It is seen that the helical connecting gear 26 will rotate about the axis of the folder blade drive shaft along with ring gear '24 and the helical gear 25. If one desires to vary the instant at which the folding blades 12 contact the sheets extended about the periphery of the folding cylinder for different press speeds or in the event that packs of different thicknesses are being sent through the folder rolls 43 and 44, the operator merely has to engage driving motor 34 to move the helical connecting gear 26 longitudinally of its axis and so rotate the folder blade drive shaft with respect to the driving means driving the spur gear 21 and connected to internally cut helical ring gear 24. This in turn will vary the rotation or position of the folder blade drive shaft and consequently the folding blades 12 with respect to the folder cylinder since the folder cylinder is also connected to the folder drive means through a spur gear 50 carried on the folder drive shaft 23 and gear 49 mounted on cylinder 3 all as shown in FIG. 2.

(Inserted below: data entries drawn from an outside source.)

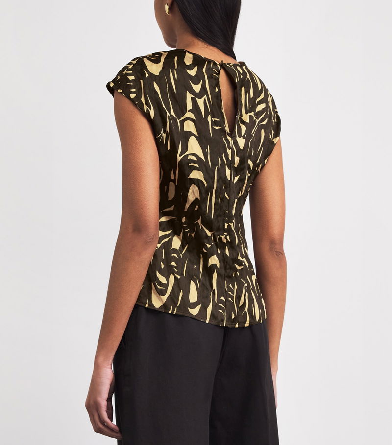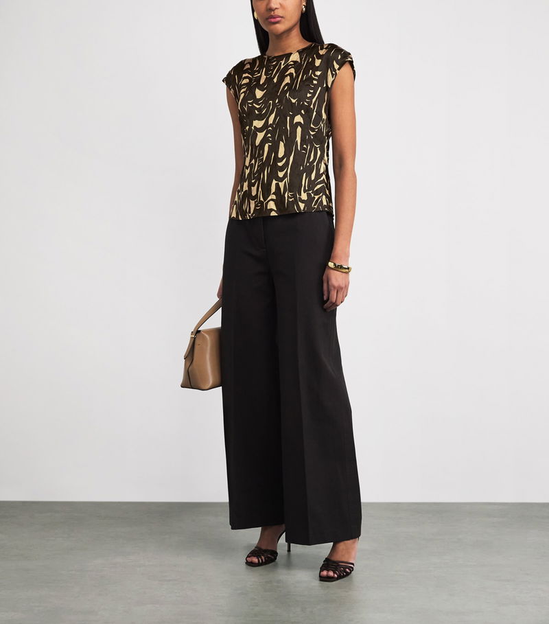 Joseph may be most known for its minimalist leanings, but the Zeyna top proves the British brand can transcend its sartorial expertise to bold creations. Crafted from a blend of metallic and viscose fibres, the piece is imbued with a crinkled texture, adding a relaxed character elevated by a ribbon print – inspired by the skyline of Morocco.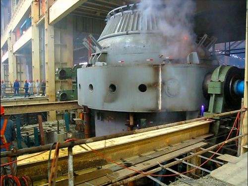 4月4日下午,由十七冶承建的江苏江阴兴澄特三期钢转炉炼钢、连铸工程,第一台120t 转炉本体,采用“组合法”一次顺利移动安装到位。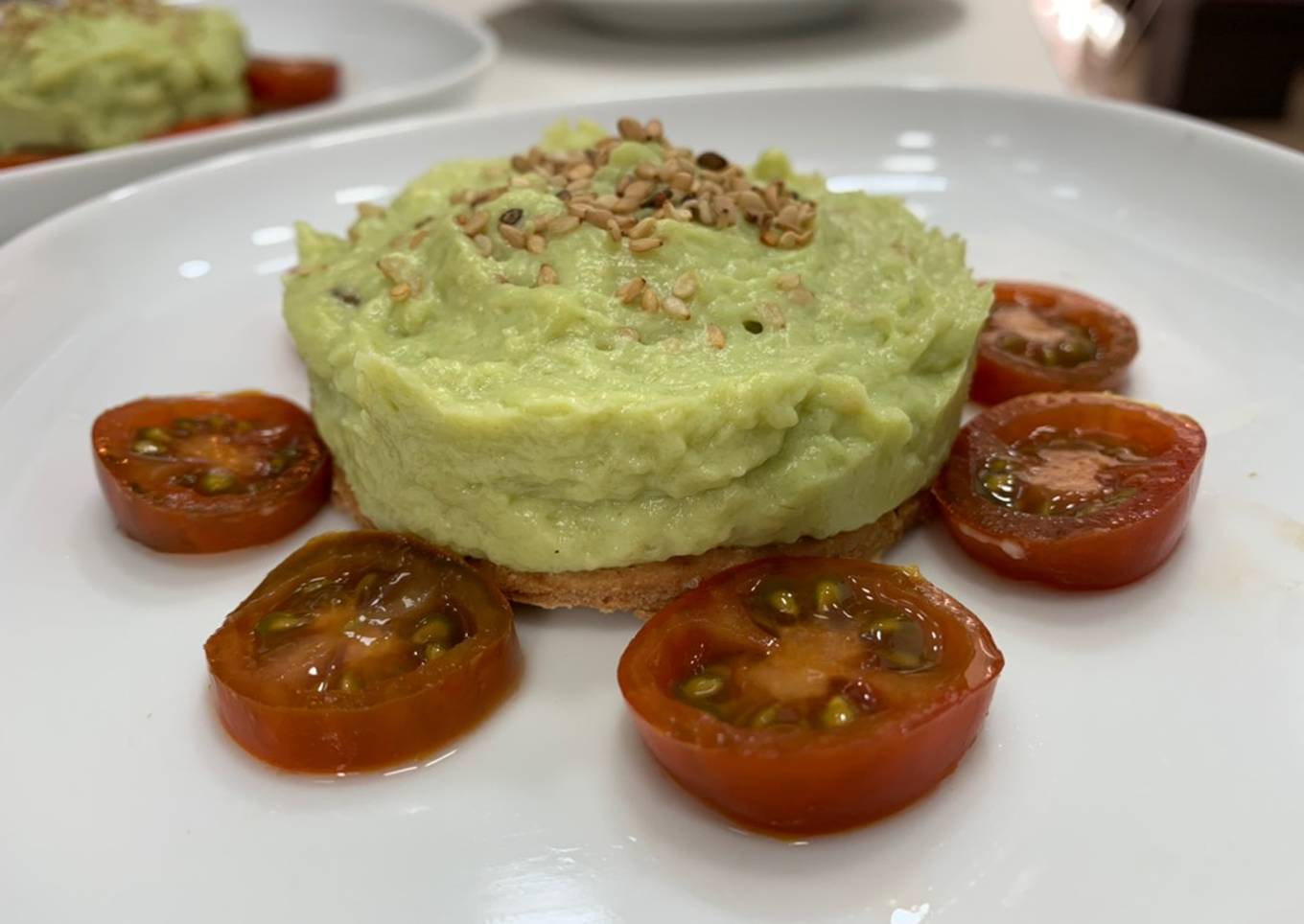 - Añadir la goma xantana a la mezcla de aguacate, remover bien y verás que enseguida empieza a espesar. Poner sobre la base en el aro metálico y meter en la nevera hasta justo antes de su consumo.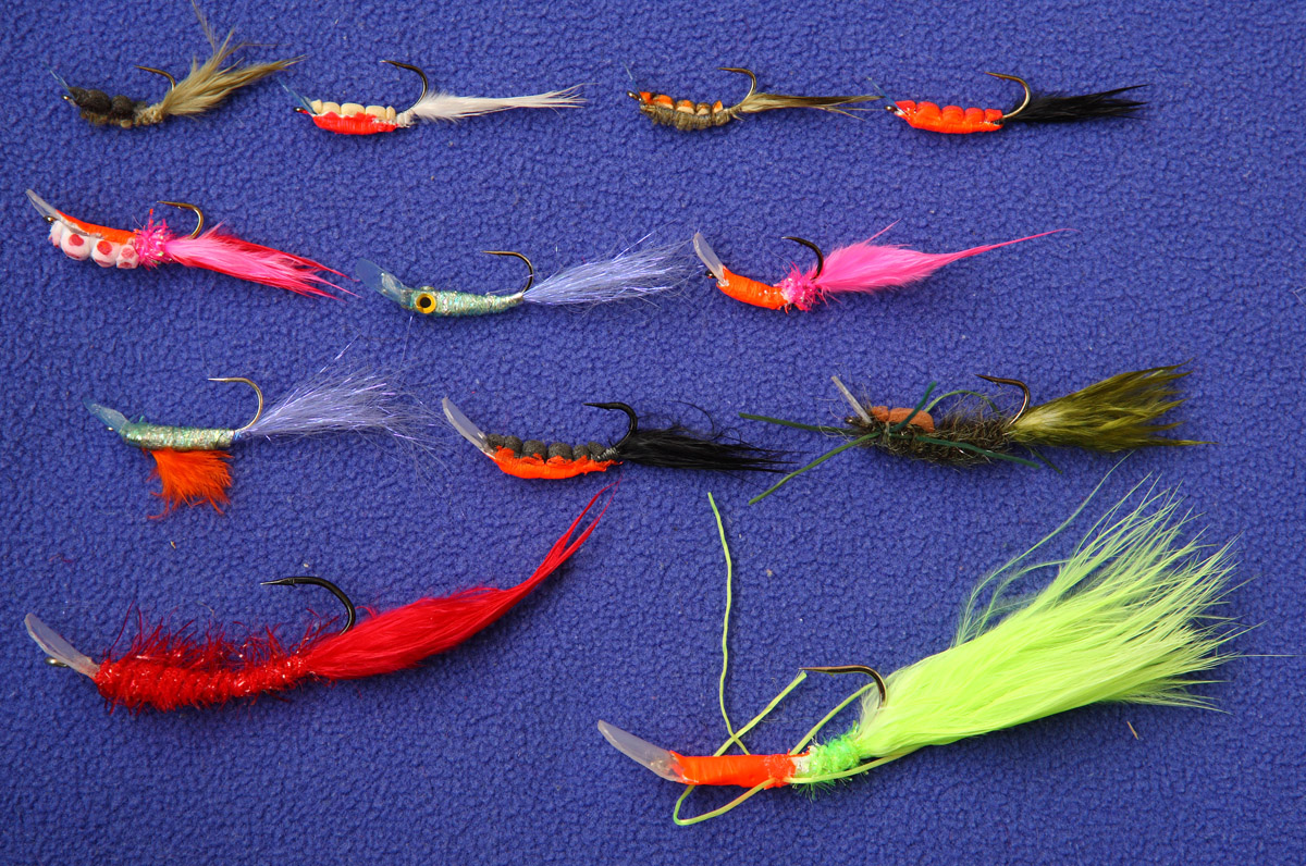 По поводу муховоблеров: лопатки из шприца я делать перестал, слишком хрупкие. Я их делаю в 3 слоя (не склеиваю) из обычных пластиковых бутылок. Самым крупным нужно 4 слоя, а маленьким достаточно 2. На крючок надеваю три треугольника разных размеров (первый самый большой), обматываю крючок ниткой с хорошим клеем, приматываю узкие части треугольников, выравниваю и даю высохнуть сутки. Затем ножницами придаю лопасти форму, ставлю хвост (марабу или марабу плюс люрекс), наматываю тело (чаще из синели или даббинговых монтажей) и закрепляю спинку из пенки. Остаётся обкатать готовую приманку в ванне и подрезать, если уходит в сторону, лопасть с одной из сторон. Пока я описываю "классические" муховоблеры - это те, что идут крючком вниз. "Перевёртыши", которые при проводке идут крючком верх, огружены треугольником из свинцовой ленты плюс со стороны жала крючка иногда (не всегда ) ставится полоска пенки. Ещё есть т.н. Антивоблер - он движется лопастью вверх, но крючком вниз, при подтягивании всплывает. Вообще изготовление разных типов муховоблеров подробно описано (с картинками) в моей книжке 2007 года. На картинке - разнообразные Перевёртыши. Один (левый во 2 ряду сверху) по ошибке попал на фото - это классический муховоблер в перевёрнутом положении.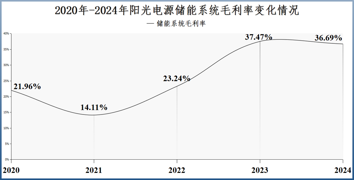 2020-2024年,公司储能系统毛利率从21.96%稳步上升到36.69%,并且其营收占总营收的比重也从2020年的6.06% 提升到2024年的32.06%,从而带动了公司整体毛利率提升。
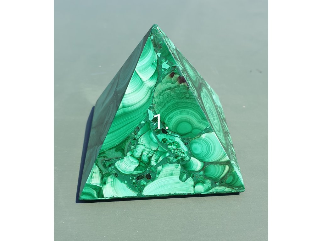 Malachitová pyramída, rozmery 5x5 cm. Krajina pôvodu Kongo.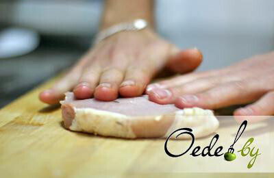 1. Нарезаем мясо и отбиваем его, придавая куску округлую форму. Изначально нежное и мягкое мясо можно не отбивать.

Our novel blade positioning means may be easily added to existing folder equipment. All that is required is to remove the gear normally carried on the end of the folder blade drive shaft and replace it with gear 21, the associated gears 24, 25 and 26, bracket 27 and associated driving motor and controls. The novel mechanism has a minimum of parts and each part is of conventional design thus keeping the cost on manufacture low,
It is apparent that the utilization of the helical ring gear, the helical gear, and the helical connecting gear, may be used in other applications where it is desired to rotate a member fastened to the ring gear with respect to a member fastened to the helical gear while both the helical ring gear and helical gear are rotating. By utilizing a helical connecting gear which is movable longitudinally of its axis, a greater moment may be achieved than when using a conventionally splined shaft. A further result of using this type of gearing is that backlash may be kept at a minimum since such gearing may be machined to high degrees of precision on existing gear cutting equipment.
We claim:
1. In a folder mechanism having a frame, a folder cylinder rotatable in said frame, folder drive means for rotating said cylinder, a folder blade drive shaft rotatably mounted within said cylinder and extending parallel to the longitudinal axis of said cylinder, brackets mounted on said folder blade drive shaft, at least one folder blade shaft rotatably mounted in said brackets having folder blades thereon, a first gear fixedly mounted with respect to said frame, a first gear train drivingly connecting said first gear with said folder blade shaft, a second gear mounted on said folder blade shaft, a second gear train connecting said folder blade shaft with said folder drive means, a helical connecting gear movable along its longitudinal axis and meshing both with an exterior helical cut gear mounted on said folder blade drive shaft and an interior helical cut ring gear in driving engagement with said folder drive shaft, whereby said folder blade shaft may be rotated with respect to said folder drive means while said folder drive cylinder is rotating.
2. A folder mechanism according to claim 1 having in addition means for moving said helical connecting gear longitudinally along its axis to rotate said helically cut gear with respect to said internal helically cut ring gear.
3. A folder mechanism according to claim 2 whereby the longitudinal axis of said helical cut connecting gear is coaxial with the longitudinal axis of said folder blade drive shaft.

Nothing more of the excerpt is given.